Négociations
de Paix - Sun
City (Afrique du Sud)
Les dernières nouvelles
La RD Congo au menu du Conseil des ministres européens
des A.E.
Bruxelles, Belgique (PANA) 11/03/2001 - Le Conseil des
ministres des Affaires étrangères de l'Union européenne a souligné, lundi à
Bruxelles, l'urgence de faire progresser le processus de paix en RD Congo, afin que soit
restaurée la souveraineté de cet Etat sur son territoire, et que soit assurée la
stabilité dans la région.
Il a notamment appelé les signataires de l'Accord de Lusaka
et la communauté internationale à prendre de nouvelles initiatives et exhorté tous les
Etats étrangers à procéder au retrait de leurs troupes dans "les meilleurs
délais", en conformité avec l'Accord de Lusaka et des résolutions pertinentes du
Conseil de sécurité de l'ONU.
Regrettant vivement les affrontements militaires qui ont eu
lieu récemment dans l'Est de ce pays, le Conseil a appelé toutes les parties
belligérantes au "strict respect" du cessez-le-feu.
Par ailleurs, les ministres européens des Affaires
étrangères ont exprimé leur préoccupation concernant la ville de Kisangani qui n'est
toujours pas démilitarisée.
Ils regrettent également que la libre circulation sur le
fleuve Congo reste impossible, estimant que la question du désarmement, de la
démobilisation, du rapatriement, de la réintégration et de la réinstallation des
groupes armés requiert une attention prioritaire de la part des parties en conflit.
Ainsi le Conseil a demandé aux gouvernements de la RD Congo
et du Rwanda "d'entamer d'urgence" le processus de rapatriement, dans ce dernier
pays, de ses ex-combattants rassemblés dans l'ancienne base militaire de Kamina en RDC.

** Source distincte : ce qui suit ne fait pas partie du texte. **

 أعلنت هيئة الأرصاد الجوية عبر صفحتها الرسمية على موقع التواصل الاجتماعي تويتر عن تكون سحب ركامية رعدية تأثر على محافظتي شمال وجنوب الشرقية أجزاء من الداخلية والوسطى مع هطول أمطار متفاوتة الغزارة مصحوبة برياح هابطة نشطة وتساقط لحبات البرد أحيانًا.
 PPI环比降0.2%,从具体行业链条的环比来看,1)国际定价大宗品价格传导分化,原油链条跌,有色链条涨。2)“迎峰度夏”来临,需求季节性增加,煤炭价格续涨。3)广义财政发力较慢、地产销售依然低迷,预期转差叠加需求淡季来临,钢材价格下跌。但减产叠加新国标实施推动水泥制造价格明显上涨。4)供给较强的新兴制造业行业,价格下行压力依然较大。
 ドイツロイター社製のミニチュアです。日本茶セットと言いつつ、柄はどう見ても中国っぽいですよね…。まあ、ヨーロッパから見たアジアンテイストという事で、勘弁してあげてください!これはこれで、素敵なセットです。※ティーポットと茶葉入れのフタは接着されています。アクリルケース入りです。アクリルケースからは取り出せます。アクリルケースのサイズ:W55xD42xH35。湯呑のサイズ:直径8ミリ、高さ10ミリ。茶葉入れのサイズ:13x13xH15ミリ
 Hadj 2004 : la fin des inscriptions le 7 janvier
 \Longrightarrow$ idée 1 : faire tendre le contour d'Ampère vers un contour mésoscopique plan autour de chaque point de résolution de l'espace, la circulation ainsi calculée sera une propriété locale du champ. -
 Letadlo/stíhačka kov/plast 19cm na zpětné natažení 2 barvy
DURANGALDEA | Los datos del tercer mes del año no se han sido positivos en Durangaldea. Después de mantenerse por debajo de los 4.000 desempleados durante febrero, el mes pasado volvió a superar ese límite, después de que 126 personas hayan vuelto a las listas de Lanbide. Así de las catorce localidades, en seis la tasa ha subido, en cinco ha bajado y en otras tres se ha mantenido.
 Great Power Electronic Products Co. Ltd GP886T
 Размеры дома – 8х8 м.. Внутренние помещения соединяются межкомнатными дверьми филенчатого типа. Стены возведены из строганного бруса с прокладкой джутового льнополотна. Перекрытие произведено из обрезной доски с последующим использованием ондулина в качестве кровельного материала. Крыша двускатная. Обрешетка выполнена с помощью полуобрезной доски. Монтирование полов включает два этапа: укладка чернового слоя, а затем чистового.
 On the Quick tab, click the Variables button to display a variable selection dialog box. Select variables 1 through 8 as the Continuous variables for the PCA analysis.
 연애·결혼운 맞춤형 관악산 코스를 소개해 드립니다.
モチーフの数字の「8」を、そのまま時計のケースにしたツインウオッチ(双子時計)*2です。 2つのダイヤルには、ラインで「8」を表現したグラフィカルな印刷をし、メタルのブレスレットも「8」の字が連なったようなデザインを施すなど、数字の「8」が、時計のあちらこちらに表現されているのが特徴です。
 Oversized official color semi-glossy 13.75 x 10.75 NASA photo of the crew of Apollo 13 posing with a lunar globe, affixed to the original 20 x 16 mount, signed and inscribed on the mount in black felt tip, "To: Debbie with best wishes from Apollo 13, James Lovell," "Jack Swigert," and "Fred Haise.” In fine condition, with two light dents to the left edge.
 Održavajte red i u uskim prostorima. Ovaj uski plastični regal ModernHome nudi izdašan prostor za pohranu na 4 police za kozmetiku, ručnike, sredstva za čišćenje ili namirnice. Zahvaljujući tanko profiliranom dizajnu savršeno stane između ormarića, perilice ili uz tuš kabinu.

Une Mission de la Troïka européenne, conduite par le
ministres belge des Affaires étrangères, M. Louis Michel, avait visité en novembre
dernier, l'ancienne base de Kamina avant de se rendre au Rwanda où elle avait été
reçue par le président Paul Kagame.
Le chef de l'Etat rwandais, Paul Kagame, avait contesté la
nationalité rwandaise des ex-combattants rassemblés sur cette base militaire
désaffectée.
Les quelque 2.000 ex-Interhamwés et Ex-Far qui s'y trouvent
avaient affirmé à la délégation européenne qu'ils sont Rwandais et demandaient à
être rapatriés dans leur pays d'origine.
Le Conseil a approuvé la proposition du président Joseph
Kabila de la RDC, demandant la création d'une Commission chargée d'enquêter sur les
allégations du Rwanda relatives à la présence des groupes armés sur le territoire
congolais.
Aussi le Conseil a-t-il salué la décision du Conseil de
sécurité de l'ONU demandant à la Mission des Nations Unies au Congo (MONUC) de faire,
avant la fin du mois de mars, une évaluation des effectifs des groupes armés rwandais en
territoire congolais.
Les ministres des Affaires étrangères européens ont
approuvé la décision du secrétaire général de l'ONU d'augmenter les effectifs de la
MONUC.
Le Conseil ministériel a également salué l'initiative de
la Banque mondiale visant à créer un Fonds fiduciaire de 400.000 dollars pour financer
les programmes de démobilisation et de rapatriement dans l'ensemble de la Région des
Grands Lacs.
Se félicitant de l'ouverture à Sun City, en Afrique du sud,
des assises du dialogue intercongolais, les ministres des Affaires étrangères de l'Union
européenne ont enjoint tous les participants à s'engager "sans délai
ultérieur" dans les discussion" en substance, "et à faire preuve du sens
de compromis et d'une "volonté d'aboutir dans un délai raisonnable" à un
accord sur une transition "démocratique et inclusive".
Les ministres européens ont en outre examiné la question de
la dette extérieure de la RDC à la lumière des résultats macro- économiques
"positifs" enregistrés par le gouvernement de Kinshasa.
Ils encouragent aussi la recherche d'initiatives pouvant
faciliter la consolidation de la dette extérieure de la RDC dans le cadre d'une
opération à entreprendre auprès des institutions financières internationales.